Best Compression algorithm for a sequence of integers

Algorithm Problem Overview

I have a large array with a range of integers that are mostly continuous, eg 1-100, 110-160, etc. All integers are positive. What would be the best algorithm to compress this?

I tried the deflate algorithm but that gives me only 50% compression. Note that the algorithm cannot be lossy.

All numbers are unique and progressively increasing.

Also if you can point me to the java implementation of such algorithm that would be great.

Algorithm Solutions

Solution 1 - Algorithm

We have written recent research papers that survey the best schemes for this problem. Please see:

Daniel Lemire and Leonid Boytsov, Decoding billions of integers per second through vectorization,Software: Practice & Experience 45 (1), 2015. http://arxiv.org/abs/1209.2137

Daniel Lemire, Nathan Kurz, Leonid Boytsov, SIMD Compression and the Intersection of Sorted Integers, Software: Practice and Experience (to appear) http://arxiv.org/abs/1401.6399

They include an extensive experimental evaluation.

You can find a complete implementation of all techniques in C++11 online: https://github.com/lemire/FastPFor and https://github.com/lemire/SIMDCompressionAndIntersection

There are also C libraries: https://github.com/lemire/simdcomp and https://github.com/lemire/MaskedVByte

If you prefer Java, please see https://github.com/lemire/JavaFastPFOR

Solution 2 - Algorithm

First, preprocess your list of values by taking the difference between each value and the previous one (for the first value, assume the previous one was zero).

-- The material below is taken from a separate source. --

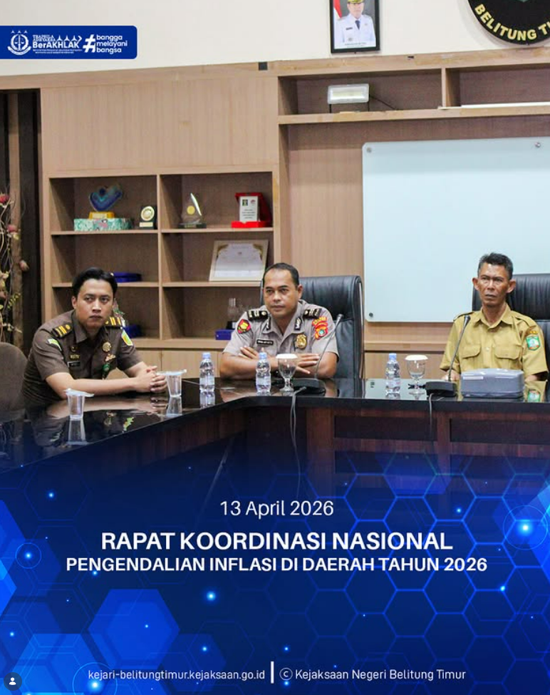 Kasubsi I Risdy Ardiansyah, S.H. menghadiri kegiatan Rapat Koordinasi Nasional (Rakornas) Pengendalian Inflasi tahun 2026 yang dilaksanakan secara hybrid melalui Zoom Meeting. Kegiatan ini berlangsung di Ruang Rapat Bupati Belitung Timur dan diikuti oleh berbagai pemangku kepentingan dari seluruh Indonesia.

This should in your case give mostly a sequence of ones, which can be compressed much more easily by most compression algorithms.

This is how the PNG format does to improve its compression (it does one of several difference methods followed by the same compression algorithm used by gzip).

Solution 3 - Algorithm

Well, i'm voting for smarter way. All you have to store is [int:startnumber][int/byte/whatever:number of iterations] in this case, you'll turn your example array into 4xInt value. After it you can compress as you want :)

Solution 4 - Algorithm

While you could design a custom algorithm specific to your stream of data, it's probably easier to use an off the shelf encoding algorithm. I ran a few tests of compression algorithms available in Java and found the following compression rates for a sequence of one million consecutive integers:

None        1.0
Deflate     0.50
Filtered    0.34
BZip2       0.11
Lzma        0.06

Solution 5 - Algorithm

What size are the numbers? In addition to the other answers, you could consider base-128 variant-length encoding, which lets you store smaller numbers in single bytes while still allowing larger numbers. The MSB means "there is another byte" - this is described here.

Combine this with the other techniques so you are storing "skip size", "take size", "skip size", "take size" - but noting that neither "skip" nor "take" will ever be zero, so we'll subtract one from each (which lets you save an extra byte for a handful of values)

So:

1-100, 110-160

is "skip 1" (assume start at zero as it makes things easier), "take 100", "skip 9", "take 51"; subtract 1 from each, giving (as decimals)

0,99,8,50

which encodes as (hex):

00 63 08 32

If we wanted to skip/take a larger number - 300, for example; we subtract 1 giving 299 - but that goes over 7 bits; starting with the little end, we encode blocks of 7 bits and an MSB to indicate continuation:

299 = 100101100 = (in blocks of 7): 0000010 0101100

so starting with the little end:

1 0101100 (leading one since continuation)
0 0000010 (leading zero as no more)

giving:

AC 02

So we can encode large numbers easily, but small numbers (which sound typical for skip/take) take less space.

You could try running this through "deflate", but it might not help much more...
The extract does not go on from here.